§ Task brief
Return each of the entries below precisely as it appears.

§ Supplied material
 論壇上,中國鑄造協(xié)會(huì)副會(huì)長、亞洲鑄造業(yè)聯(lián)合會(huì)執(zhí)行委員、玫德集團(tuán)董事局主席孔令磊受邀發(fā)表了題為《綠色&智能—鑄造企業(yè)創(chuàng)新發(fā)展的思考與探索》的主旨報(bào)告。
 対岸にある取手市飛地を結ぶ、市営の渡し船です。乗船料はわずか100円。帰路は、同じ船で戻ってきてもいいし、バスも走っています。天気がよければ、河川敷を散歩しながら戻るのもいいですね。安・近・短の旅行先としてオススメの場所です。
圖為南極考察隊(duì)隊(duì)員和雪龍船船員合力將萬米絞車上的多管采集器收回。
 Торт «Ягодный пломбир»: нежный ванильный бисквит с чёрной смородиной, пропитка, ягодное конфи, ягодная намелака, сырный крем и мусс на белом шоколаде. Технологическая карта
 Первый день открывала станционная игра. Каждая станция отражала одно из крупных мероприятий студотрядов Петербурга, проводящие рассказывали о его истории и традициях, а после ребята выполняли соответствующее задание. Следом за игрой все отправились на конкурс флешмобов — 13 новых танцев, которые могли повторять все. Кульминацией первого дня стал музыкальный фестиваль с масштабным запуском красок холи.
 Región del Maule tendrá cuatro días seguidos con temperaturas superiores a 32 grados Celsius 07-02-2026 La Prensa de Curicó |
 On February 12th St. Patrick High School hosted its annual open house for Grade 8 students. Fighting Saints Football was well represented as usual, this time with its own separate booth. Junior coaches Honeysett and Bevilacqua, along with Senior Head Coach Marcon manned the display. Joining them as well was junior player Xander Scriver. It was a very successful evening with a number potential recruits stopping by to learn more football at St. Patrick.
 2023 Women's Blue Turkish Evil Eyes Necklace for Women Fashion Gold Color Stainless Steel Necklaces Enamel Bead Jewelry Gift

§ Response area
 論壇上,中國鑄造協(xié)會(huì)副會(huì)長、亞洲鑄造業(yè)聯(lián)合會(huì)執(zhí)行委員、玫德集團(tuán)董事局主席孔令磊受邀發(fā)表了題為《綠色&智能—鑄造企業(yè)創(chuàng)新發(fā)展的思考與探索》的主旨報(bào)告。
 対岸にある取手市飛地を結ぶ、市営の渡し船です。乗船料はわずか100円。帰路は、同じ船で戻ってきてもいいし、バスも走っています。天気がよければ、河川敷を散歩しながら戻るのもいいですね。安・近・短の旅行先としてオススメの場所です。
圖為南極考察隊(duì)隊(duì)員和雪龍船船員合力將萬米絞車上的多管采集器收回。
 Торт «Ягодный пломбир»: нежный ванильный бисквит с чёрной смородиной, пропитка, ягодное конфи, ягодная намелака, сырный крем и мусс на белом шоколаде. Технологическая карта
 Первый день открывала станционная игра. Каждая станция отражала одно из крупных мероприятий студотрядов Петербурга, проводящие рассказывали о его истории и традициях, а после ребята выполняли соответствующее задание. Следом за игрой все отправились на конкурс флешмобов — 13 новых танцев, которые могли повторять все. Кульминацией первого дня стал музыкальный фестиваль с масштабным запуском красок холи.
 Región del Maule tendrá cuatro días seguidos con temperaturas superiores a 32 grados Celsius 07-02-2026 La Prensa de Curicó |
 On February 12th St. Patrick High School hosted its annual open house for Grade 8 students. Fighting Saints Football was well represented as usual, this time with its own separate booth. Junior coaches Honeysett and Bevilacqua, along with Senior Head Coach Marcon manned the display. Joining them as well was junior player Xander Scriver. It was a very successful evening with a number potential recruits stopping by to learn more football at St. Patrick.
 2023 Women's Blue Turkish Evil Eyes Necklace for Women Fashion Gold Color Stainless Steel Necklaces Enamel Bead Jewelry Gift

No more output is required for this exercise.